11.2.1 Introduction
Consider a discrete-time random process $\big\{X_m, m=0,1,2,\dots\}$. In the very simple case where the $X_m$'s are independent, the analysis of this process is relatively straightforward. In this case, there is no "memory" in the system, so each $X_m$ can be looked at independently from previous ones.
However, for many real-life processes, the independence assumption is not valid. For example, if $X_m$ is the stock price of a company at time $m \in \{0,1,2,..\}$, then it is reasonable to assume that the $X_m$'s are dependent. Therefore, we need to develop models where the value of $X_m$ depends on the previous values. In a Markov chain, $X_{m+1}$ depends on $X_{m}$, but given $X_{m}$, it does not depend on the other previous values $X_0$, $X_1$, $\cdots$, $X_{m-1}$. That is, conditioned on $X_m$, the random variable $X_{m+1}$ is independent of the random variables $X_0$, $X_1$, $\cdots$, $X_{m-1}$.

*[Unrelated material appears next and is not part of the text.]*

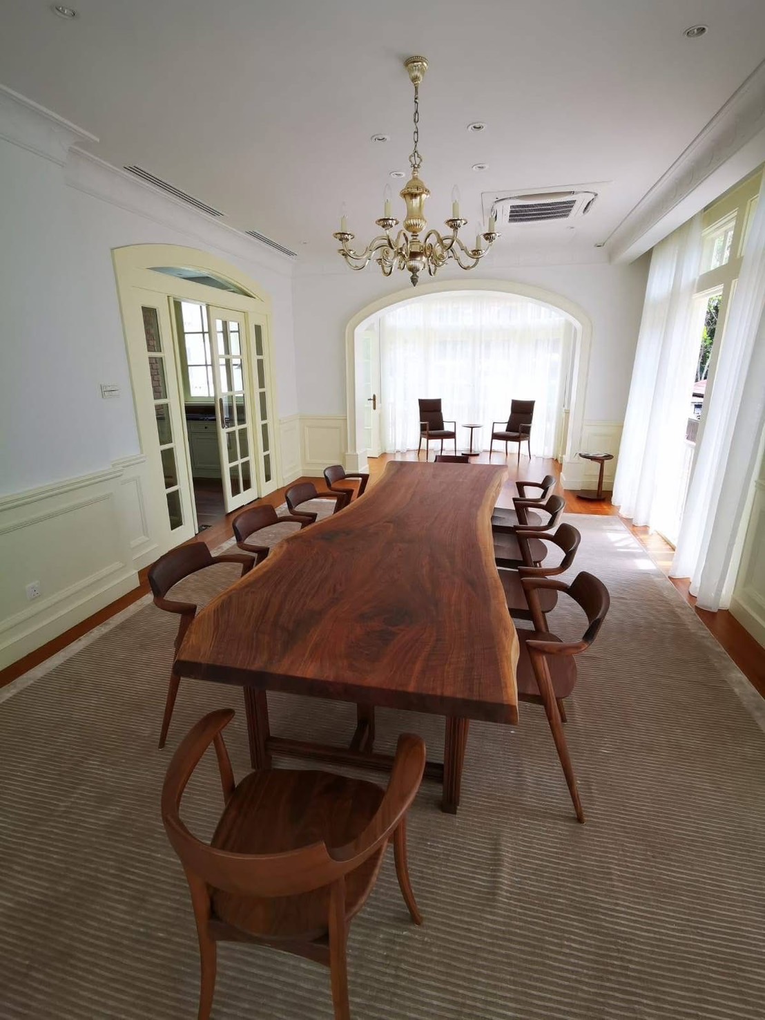 2025.01.11 一枚板製品 シンガポールのお客様へ一枚板ウォールナットテーブルを納品しました。 シンガポールへ一枚板ウォールナットテーブルを納品しました。 こちらは個人のお施主様のお宅となります。 白を基調としたお部屋に幅広でダイナミックなウォールナットがとてもよく似合っています。 脚やチェアもウォールナットで揃えているのも大変素敵ですよね。 板蔵ファクトリーでは最近、海外の方からのお問い合わせもいただくようになっています。 国内のみならず世界に日本の銘木の良さや弊社の加工技術が伝わっているのだと思うと嬉しい限りです。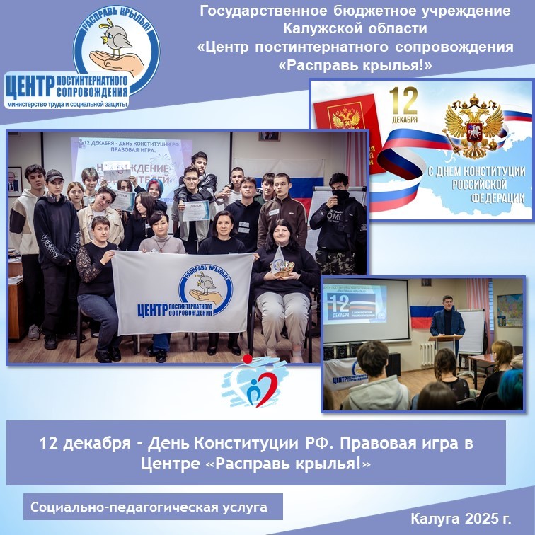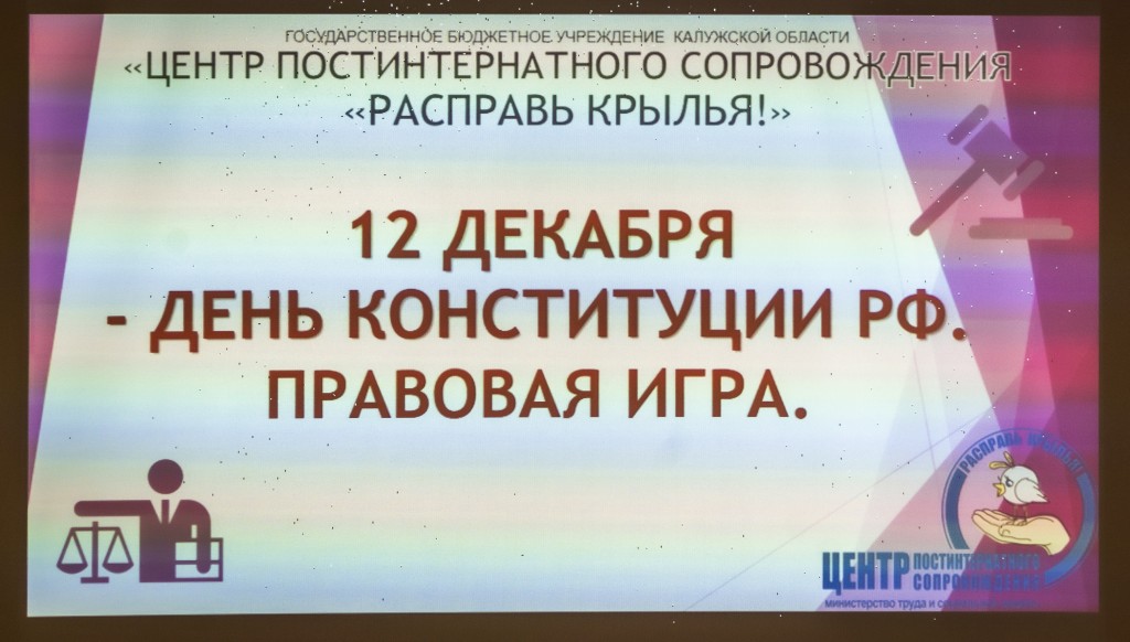 Специалисты нашего Центра в составе заведующего отделением комплексной помощи Глущука О.А., экспертов Нестюркиной Н.Н. и Кузнецовой С.А., психолога Крутовой Е.А., провели мероприятие в лекторском зале нашего Центра в формате правовой игры со студентами из числа детей-сирот, посвященное Дню Конституции РФ. Участвовали две команды студентов из «Калужского колледжа сервиса и дизайна» и «Калужского технического колледжа».

Markov chains are usually used to model the evolution of "states" in probabilistic systems. More specifically, consider a system with the set of possible states $S=\{s_1, s_2,...\}$. Without loss of generality, the states are usually chosen to be $0$, $1$, $2$, $\cdots$, or $1$, $2$, $3$, $\cdots$, depending on which one is more convenient for a particular problem. If $X_n=i$, we say that the system is in state $i$ at time $n$. The idea behind Markov chains is usually summarized as follows: "conditioned on the current state, the past and the future states are independent."
For example, suppose that we are modeling a queue at a bank. The number of people in the queue is a non-negative integer. Here, the state of the system can be defined as the number of people in the queue. More specifically, if $X_n$ shows the number of people in the queue at time $n$, then $X_n \in S=\{0,1,2,...\}$. The set $S$ is called the state space of the Markov chain. Let us now provide a formal definition for discrete-time Markov chains.
Consider the random process $\{X_n, n=0,1,2,\cdots\}$, where $R_{X_i}=S \subset \{0,1,2,\cdots\}$. We say that this process is a Markov chain if \begin{align*} &P(X_{m+1}=j |X_{m}=i, X_{m-1}=i_{m-1}, \cdots, X_{0}=i_{0})\\ &\hspace{80pt}= P(X_{m+1}=j |X_{m}=i), \end{align*} for all $m, j, i, i_0, i_1, \cdots i_{m-1}$. $\\ \\$ If the number of states is finite, e.g., $S=\{0,1,2,\cdots, r\}$, we call it a finite Markov chain.